Change fillfactor for `ci_builds` table
Production Change
Change Summary
In order to increase the likelihood of an updated tuple landing on the same page, this change is going to decrease the fillfactor
table-setting for ci_builds
.
The background and reasoning can be found in gitlab-org/gitlab#330507 (closed).
If this shows the desired outcome, it'll greatly help to avoid delays in consuming the shared runner CI queue (e.g. #4486 (closed) - we have about 40 similar incidents.
Implications/risk
The expected benefit from this is that we see index-only scans considerably speed up (for "the big CI query"). This is because we expect it will be more likely for an updated tuple to land on the same page as the original one and hence we don't need to scan as many pages as if this was scatter all over different pages.
A potential negative effect is that new pages will have 20% of space reserved for updates. If there were no updates at all, this would cause a 20% overhead in terms of disk space and also for shared buffers. However, we have established that there is a significant frequency of updates for a new record in ci_builds
- so effectively this is not a concern.
Changing the fillfactor
only affects new pages going forward, old remain unchanged. This is desirable since we don't expect to update existing old build records much if at all.
The idea is to change the setting and observe the impact for 1-2 working days (won't be visible on weekends most likely) before we make a call whether or not this will be a permanent setting.

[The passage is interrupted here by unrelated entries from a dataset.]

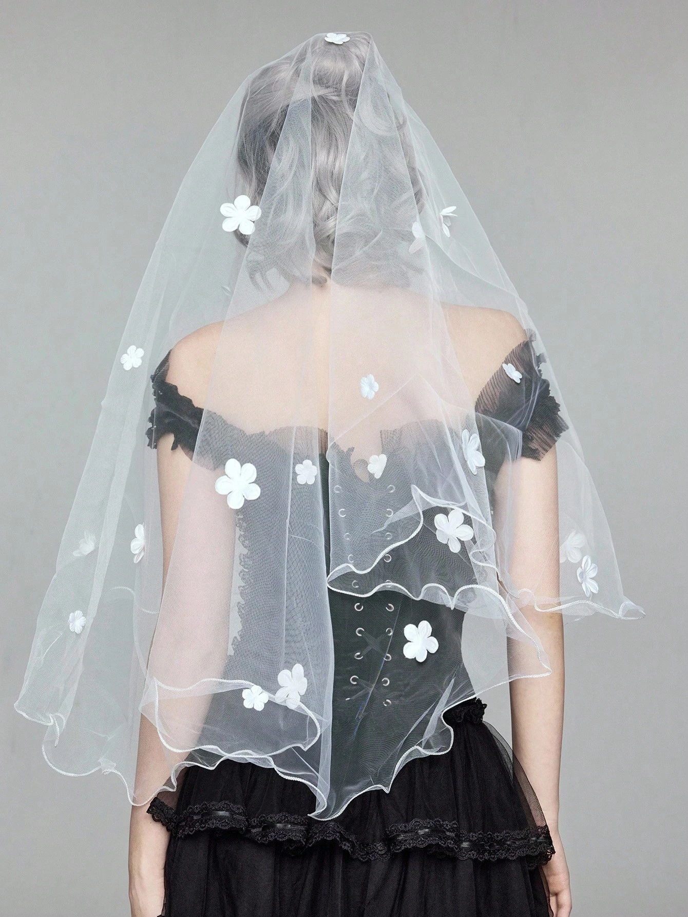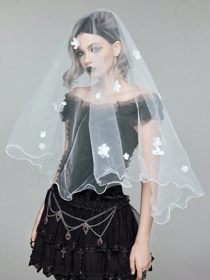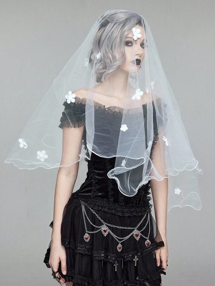 Grunge Punk 1pc White Floral Ruffled Bridal Veil
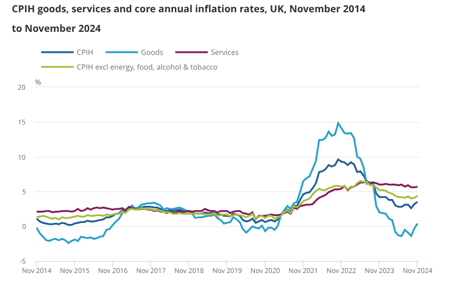 Services inflation, which is the most important gauge of homegrown inflation, remained at five per cent in November, which was actually slightly below expectations.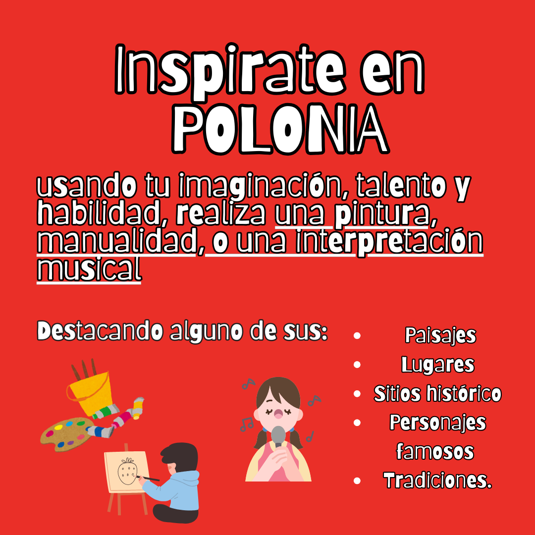 1.- Para participar el participante debe confeccionar un (01) arte (pintura, manualidad, o una interpretación musical) sobre una ciudad polaca, destacando sus paisajes, lugares, sitios históricos, personajes famosos o tradiciones, haciendo uso de materiales de su elección y su libre creatividad.

A rollback will be possible by changing the fillfactor
back to 100.
We should rollback if we ultimately don't see the desired positive effect on "the big CI query" or elsewhere. However, we may want to try other fillfactor
settings (going down even further than 80) before we ultimately roll back.
Change Details
- Services Impacted - postgres
- Change Technician - @abrandl, @msmiley
- Change Criticality - C2
- Change Type - changeunscheduled
- Change Reviewer - @msmiley
- Due Date - 2021-05-13
- Time tracking - 2 minutes to apply, same to rollback. More time will be spent evaluating the effectiveness of the tuning adjustment.
- Downtime Component - None expected
Detailed steps for the change
Pre-Change Steps - steps to be completed before execution of the change
Estimated Time to Complete (mins) - Estimated Time to Complete in Minutes
-
Set label changein-progress on this issue
Change Steps - steps to take to execute the change
Estimated Time to Complete (mins) - Estimated Time to Complete in Minutes
Run this on the PG primary:
-
alter table ci_builds set (fillfactor = 80)
Post-Change Steps - steps to take to verify the change
Estimated Time to Complete (mins) - Estimated Time to Complete in Minutes
-
\d+ ci_builds
and checkfillfactor=80
shows up underOptions
Rollback
Rollback steps - steps to be taken in the event of a need to rollback this change
Estimated Time to Complete (mins) - Estimated Time to Complete in Minutes
-
alter table ci_builds set (fillfactor = 100)
Monitoring
Key metrics to observe
- Metric: Rate of HOT updates on the table
- Location: Thanos
- We expect an increase here - the more the better the change.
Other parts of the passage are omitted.